Accepted: October 19, 2021 | Published Online: October 21, 2021

Impact of Crude Oil Emulsion on Pipeline Corrosion

Abstract


The objective of this work is to study the effect of emulsion formation on steel corrosion in a sweet environment in a laboratory scale. Field experience shows that improper sizing of pipelines in the petroleum industry is often caused by a lack of understanding of three-phase flows which are characterized by a gas phase flowing together with a brine-oil liquid phase. The emulsion formation in these systems plays an important role on the corrosion rates of steel pipelines. Therefore, the corrosiveness and stability of the brine-oil mixtures with different water cuts are systematically studied. The necessity to reduce costs in handling fluids requires a high flow rate with an inherent risk for turbulence influencing the stability of the brine-oil mixtures and the corrosion process of steel pipes. These conditions occur especially in offshore environments, in oil and gas productions, in chemical processes and in energy production industries. In previous work, multiphase-flow-loop tests were conducted for thirty hours using a centrifugal pump for promoting a mixture of 20% of light oil crude oil or heavy crude oil + 80% of deionized water, containing 15% of sodium chloride, at 40 ℃ under a CO2 partial pressure of 2.0 bar. In this work, emulsion tests were conducted with heavy, medium, and light crude oil with a water cut of 80% at 40 ℃ for thirty hours, under 1200 rpm stirring, in the presence of CO2. The emulsion stability evaluation was performed by Turbiscan Stability Index (TSI) based on multiple light scattering methods. A comparison between the obtained results in the multiphase-loop and in the Turbiscan Stability Index (TSI) tests showed that the higher emulsion stability contributed to the increase in the corrosion rates.

Keywords


Flow-induced corrosion, Emulsion systems, Pipeline corrosion, CO2 corrosion, Crude oil

Introduction


Emulsions are dispersions with one liquid phase in another and can exhibit stability in the presence of surfactants, macromolecules and solid particles adsorbed at the interface of both. At least two immiscible liquid phases must be present to form an emulsion. Therefore, it is important to know the behavior of a system constituted by a surfactant and two immiscible liquids, generally referred to as oil (O) and water (W) [1-3]. There are three types of emulsions: water-in-oil (W/O) emulsion, oil-in-water (O/W) emulsion and multiple emulsions [2,4].

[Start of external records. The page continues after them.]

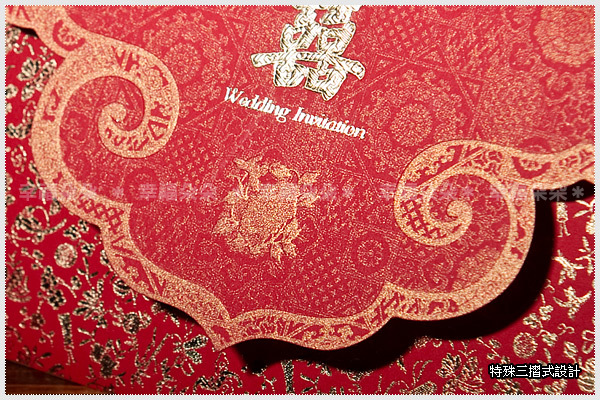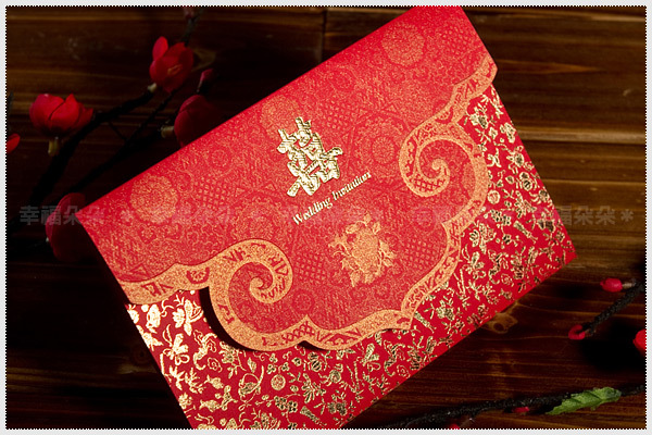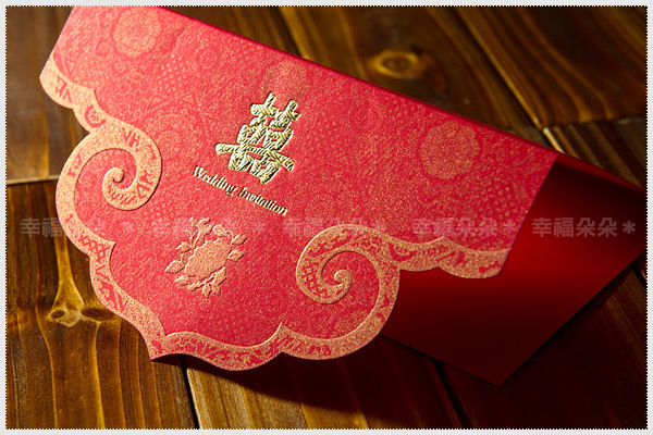 使用中國風如意圖騰做軋型,燙上大大的囍字,非常討喜,是結合長輩喜愛的紅色,又帶有西式時尚感。特殊三摺式設計襯出喜氣滿盈的金色,象徵富貴吉祥好兆頭。Designed in Korea。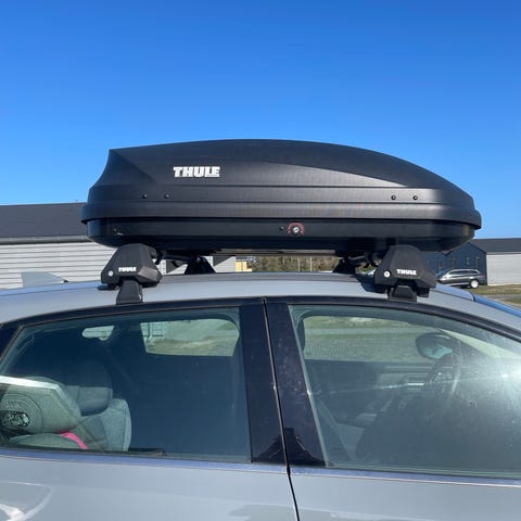 Tagboks i grå. Egnet til montering på tagbøjler på bil for ekstra bagageplads.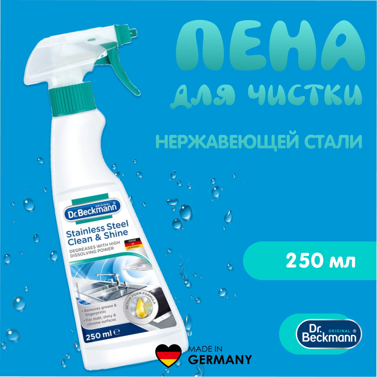 Dr.Beckmann Пена для чистки нержавеющей стали, 250 мл.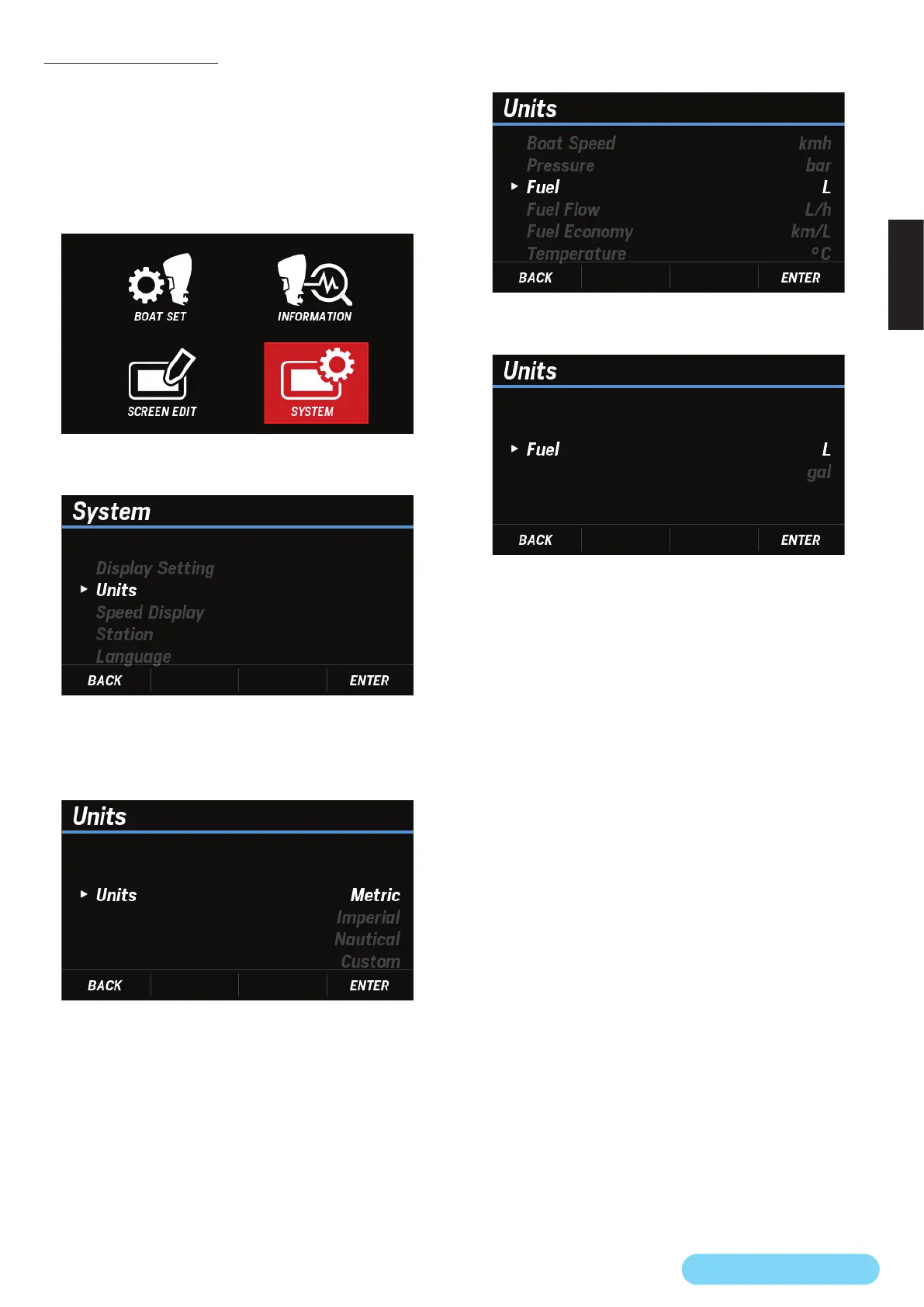 2. [∧]/[∨]ボタンを押して Units を選択し、[ENTER]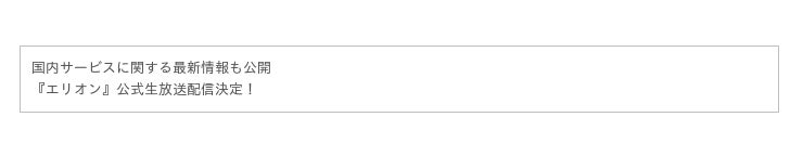 今回の生放送では、実際のゲームプレイを交えながら『エリオン』運営チームからゲーム内容の紹介をさせていただきます。また、番組内ではサービスに関する重要な情報も公開させていただく予定です。是非ご視聴いただき最新情報をご確認ください。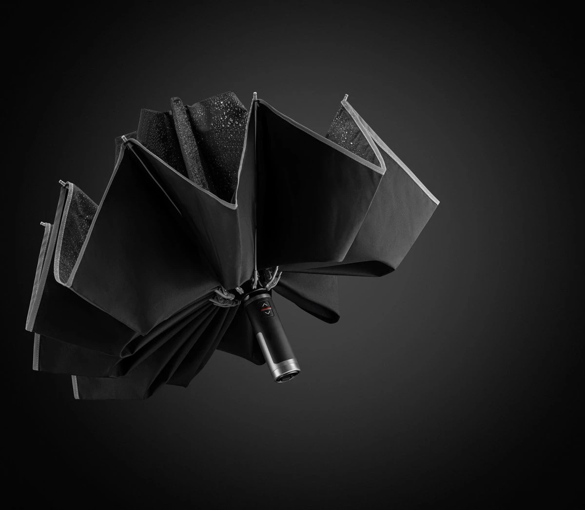 - Uniek revolutionaire omgekeerd ontwerp, zorgt ervoor dat uw eigendommen (in uw auto en tas) droog blijven.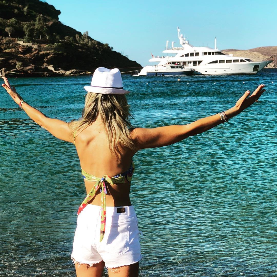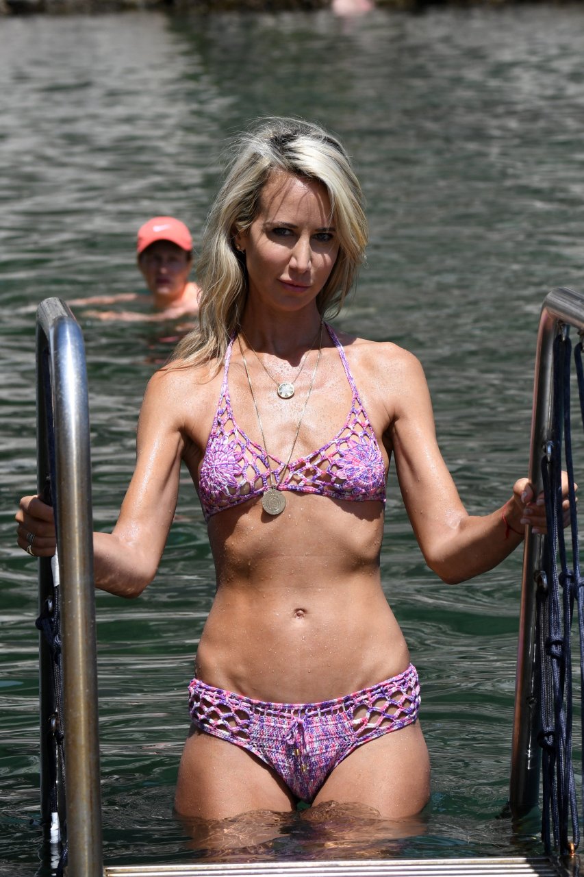 La modelo Lady Victoria Hervey fue vista en bikini y en un traje de baño rosa en el Hotel Regina Isabella en Ischia, Italia (julio de 2018) + algunas fotos de desnudos de Instagram.
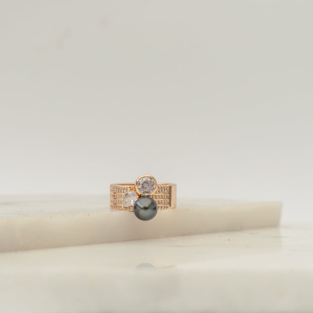 Three showstoppers in one: a bold rose gold band stacked with rows of sparkle, a luminous black pearl that owns the room, and two brilliant stones that catch the light—and your breath. It’s drama, elegance, and “where did you get that?” energy, all in one unapologetic statement.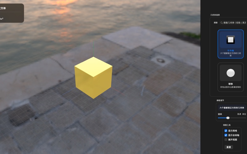 7种经典几何体 立方体:可调节边长,观察正六面体的完美对称性 球体:调整半径,理解球面的曲率特性 圆柱体:自定义半径和高度,探索圆柱的侧面积和体积关系 圆锥体:调节底面半径和高度,学习圆锥的母线和展开扇形 四棱锥:设置底边和高度,认识棱锥的空间结构 三棱柱:调整底边和高度,理解棱柱的侧面展开 圆环:自定义内外半径,探索甜甜圈形状的数学奥秘 实时参数调节 直观的滑块控制,实时预览几何体变化 精确数值输入,满足教学演示需求 参数范围保护,确保几何体的合理性 展开图演示 流畅的动画展示几何体如何从3D展开为2D 支持立方体、四棱锥、三棱柱的完整展开过程 帮助学生建立空间想象力,理解立体与平面的转换关系 可视化辅助 可选网格系统,建立空间坐标感 三维坐标轴显示,标识 X、Y、Z 方向 精美的金色材质渲染,提升视觉体验 流畅的 3D 旋转和缩放操作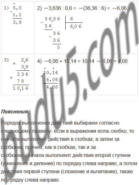 б) 3,636 : 0,6 + 2,6(5 1,1).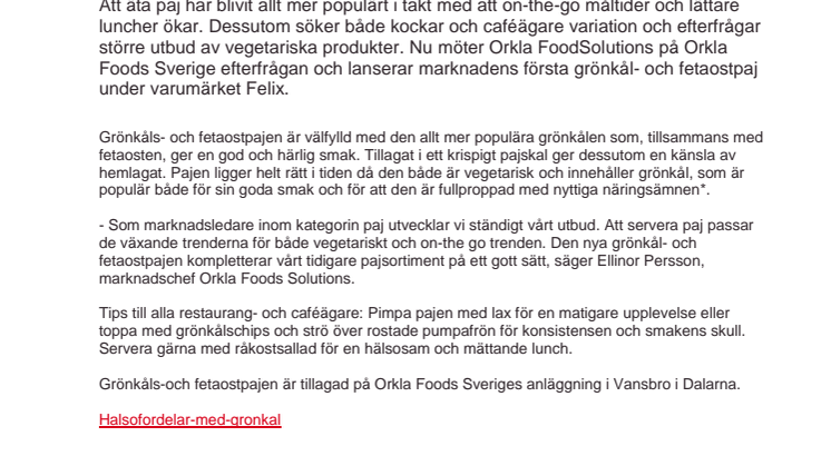 - Som marknadsledare inom kategorin paj utvecklar vi ständigt vårt utbud. Att servera paj passar de växande trenderna för både vegetariskt och on-the go trenden. Den nya grönkål- och fetaostpajen kompletterar vårt tidigare pajsortiment på ett gott sätt, säger Ellinor Persson, marknadschef Orkla Foods Solutions.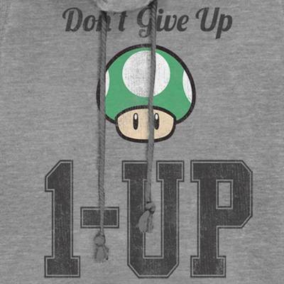 Juniors Womens Nintendo Don't Give Up Level Up Mushroom Cowl Neck Sweatshirt - 1 of 3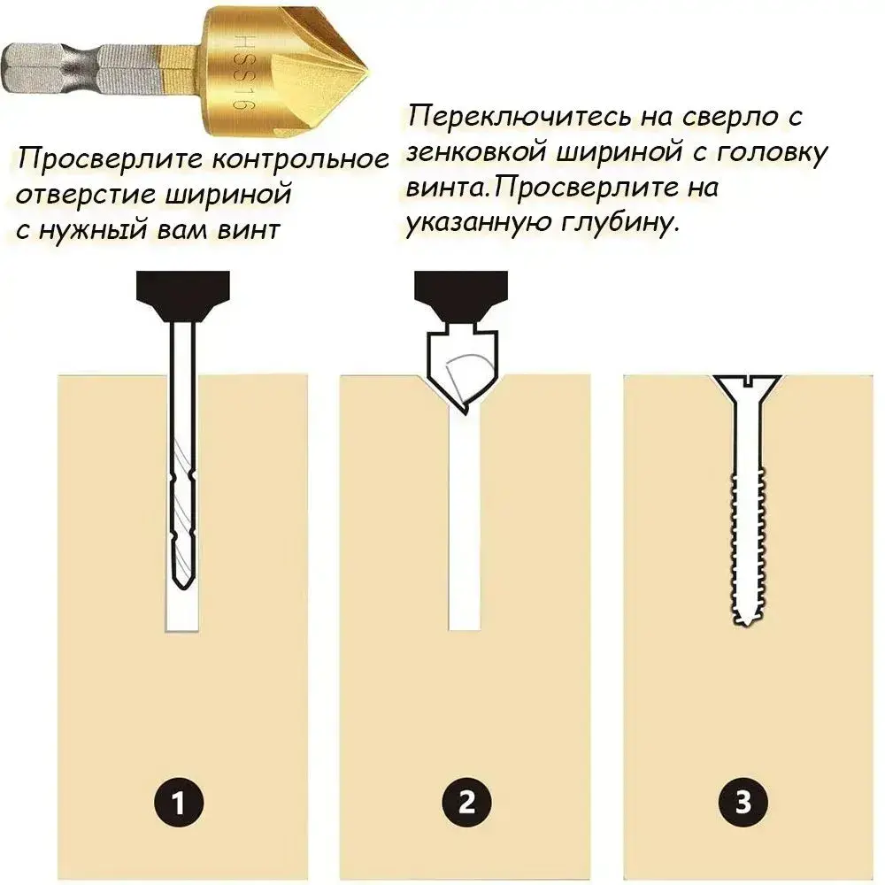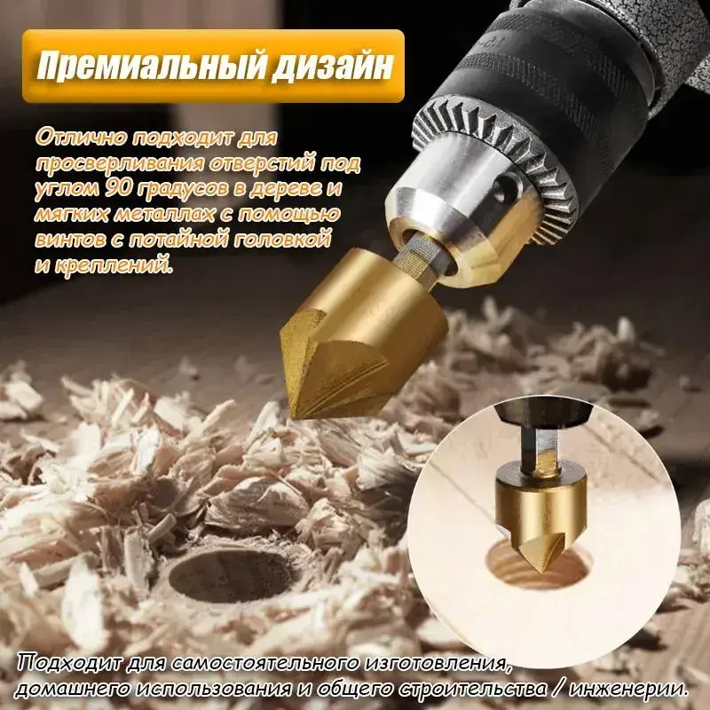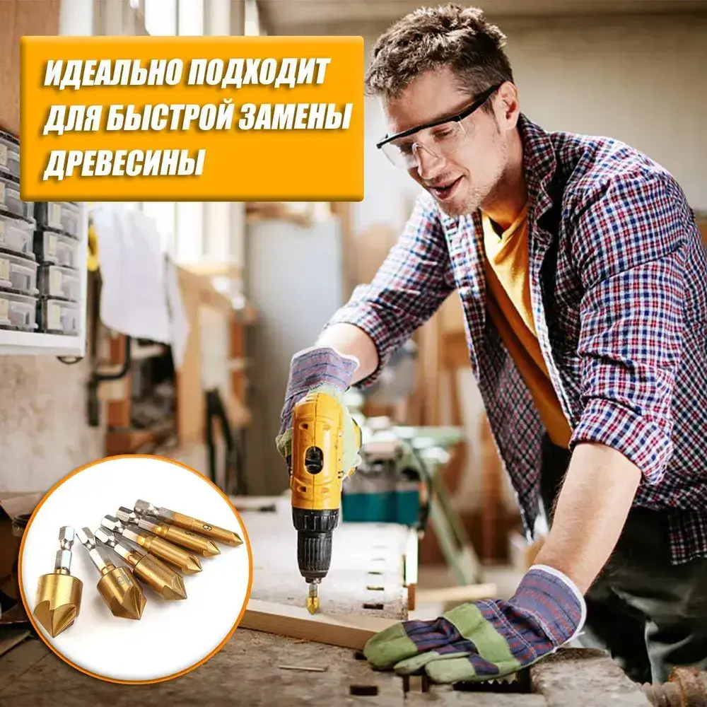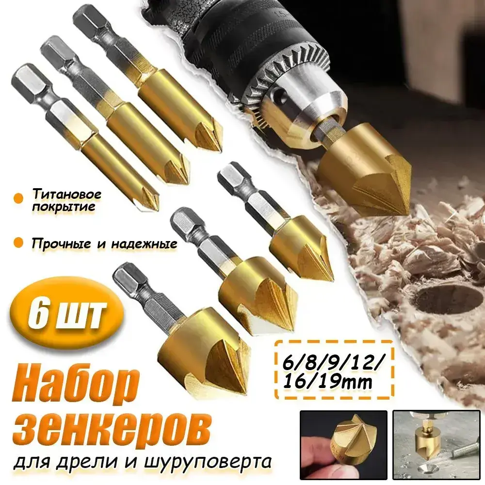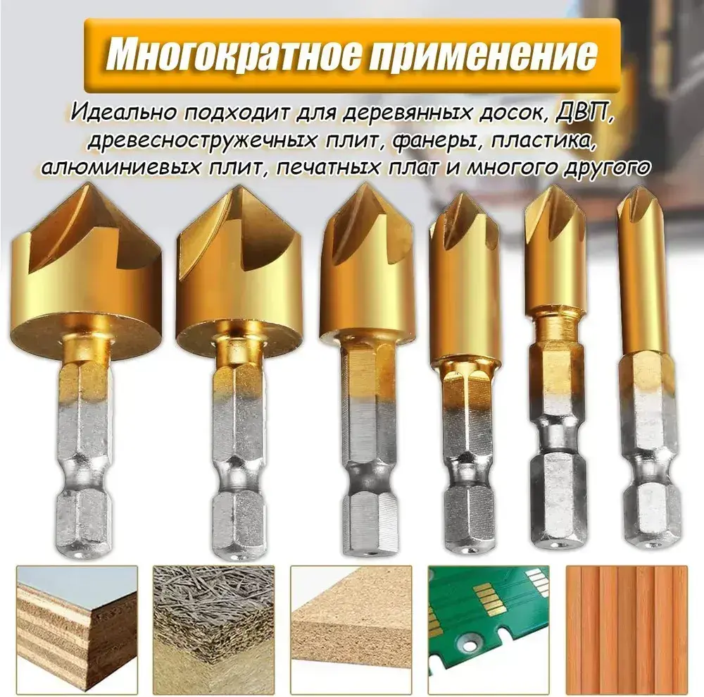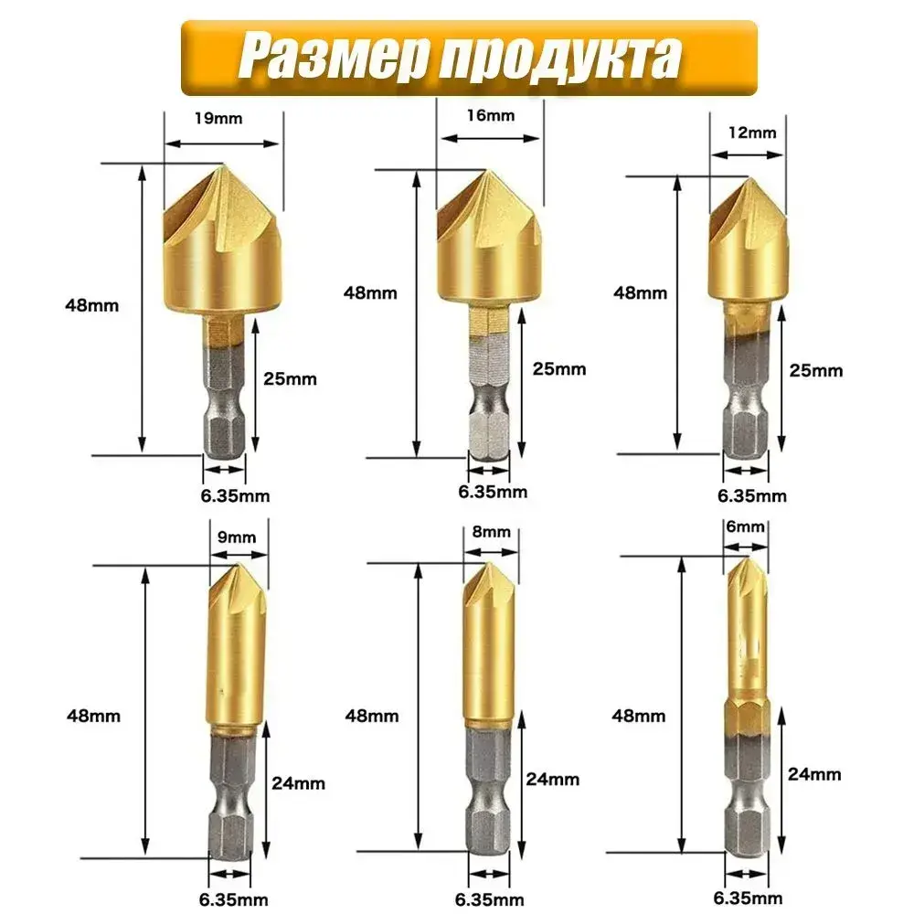 Набор зенкеров по металлу и дереву 6,8,9,12,16 и 19мм с титановым покрытием, в наборе - 6шт.

In emulsion studies, the main attention is focused on interparticle forces or colloid interactions and on the emulsion stability, in terms of demulsification. The work (thermodynamic) for emulsification can be defined as the product between the interfacial tension and the variation of the area generated by the process. This energy must remain stored for some time until the system follows the natural path of minimizing it by decreasing the interfacial area and consequent destruction of the dispersion. Despite their thermodynamic instability, many emulsions are kinetically stable and do not change for long periods. This happens because the barrier potential which prevents aggregation of the particles is high [2].

Oil wells produce single-phase crude oil at first, but it is common for water to occur after some time of production. The water content can be as high as 90% or more before the well becomes uneconomical and is shut down. Under these conditions, the two liquids can form emulsions with high viscosity. The result can be a gel with non-Newtonian properties, and its transportation can be as difficult as very viscous oil. Predicting whether such emulsions are likely to occur and evaluating whether they can cause serious problems typically involve both chemical analysis and flow calculations [5].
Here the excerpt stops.